Herkes sıkıntılı. Hiç meraklanma kardeşim, seçimler gelecek. İstanbul’da ne yaptıysak birebirini Türkiye’de yapacağız diyeceksiniz. Vatandaşa ümitsizlik değil, umutlu, hoş bir dünya vadedeceğiz. Yapmadılarsa biz yapacağız diyeceğiz. 5 yılda Türkiye’de Ortadoğu’daki bataklıktan alnının akıyla nasıl çıkar göreceğiz diyeceğiz.
Konuyu bilen değil, bana şartsız sadık olan kişiyi işin başına getiriyorlar. Sorunu çözeni değil kendilerine hizmet edeni istiyorlar.

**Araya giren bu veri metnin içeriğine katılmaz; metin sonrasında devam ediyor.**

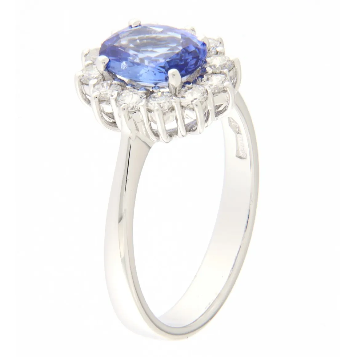 Guidetti | Anello in oro bianco con zaffiro e contorno di diamanti
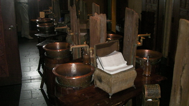 Mie N Yu’s facilities, with their bamboo fountains and textured bamboo doors and wall paneling, provide diners unsatisfied by their mediocre dinners a chance to escape to an environment that feels more like a grotto in a South Asian cove. The bathroom contest is sponsored by Cintas, the restaurant uniform and maintenance firm.
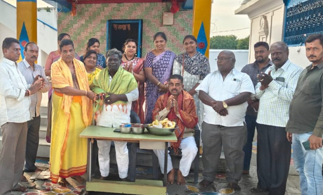 సిద్దిపేట జిల్లా గజ్వేల్ వ్యవసాయ మార్కెట్ కమిటీ డైరెక్టర్ సముద్రాల హరినాథ్, బుద్ధ సత్యపాల్ యాదాద్రి భువనగిరి జిల్లా కాచారం శ్రీ రేణుకా ఎల్లమ్మ దేవాలయంలో ప్రత్యేక పూజలు నిర్వహించారు ఈ సందర్భంగా రేణుకా ఎల్లమ్మ దేవాలయం వ్యవస్థాపక అధ్యక్షుడు ధార్మిక పరిషత్ రాష్ట్ర అద్యక్షుడు వంగపల్లి అంజయ్య స్వామి ఆధ్వర్యంలో సముద్రాల హరినాథ్ కు శాలువాతో సత్కరించి తీర్థ ప్రసాదాలు అందజేశారు అనంతరం అంజయ్య స్వామి మాట్లాడుతూ వ్యవసాయ మార్కెట్ కమిటీ డైరెక్టర్, ఆర్యవైశ్య మహాసభ సిద్దిపేట జిల్లా ప్రధాన కార్యదర్శి సముద్రాల హరినాథ్ వ్యాపారంలో రాజకీయాల్లో రాణిస్తూ సమాజ సేవలో ముందు వరుసలో ఉంటూ మంచి గుర్తింపు తెచ్చుకున్న సముద్రాల హరినాథ్ కు మంచి రాజకీయ భవిష్యత్తు ఉందని అన్నారు, అనంతరం సముద్రాల హరినాథ్ మాట్లాడుతూ, వంగపల్లి అంజయ్య స్వామి సేవలు అభినందనీయమని, ప్రజలను భక్తి మార్గం వైపు పయనించే విధంగా ఆధ్యాత్మిక కార్యక్రమాల నిర్వహిస్తూ ప్రతి మంగళవారం రేణుక ఎల్లమ్మ దేవాలయంలో భక్తులకు అన్నదానం అందజేస్తూ పలువురికి ఆదర్శంగా నిలుస్తున్నారని అన్నారు,

“Batsın sizin sendikacılığınız”
Türk-İş Genel Başkanı’nın yaptığı kontrata değinmek isterim. Sendikacılık emekçinin hakkını aramaktır. Güç karşısında çalışanın hakkının teslim edilmesidir. Çalışanın alın terini saraya pazarlarsa ona sendikacı denmez. Üstelik görüşmeyi kapalı kapılar akabinde sarayda yapmışsa kendisini teslim etmiş oraya. Ne vadettiler bilmiyorum. Personelin alın teri kadar kıymetli bir şey yok. Emekçilere yüzde 8, sonra 4 vereyim diyor. Beyefendi bizim iki üç maaşımız yok. Sen Saray’da oturuyorsun kira vermiyorsun, hiçbir masrafın yok. Her şey parasız, aylığına yüzde 20 artırım yaptın, emekçi bunların tamamını ödüyor sen ona yüzde 8 artırım veriyorsun. Bu nasıl hak aramadır. Sendikanın genel lideri emekçinin alın terini pazarlıyor. Batsın sizin sendikacılığın. Sarı sendikacılık bu ülkenin başına gelen en felaket şeydir.”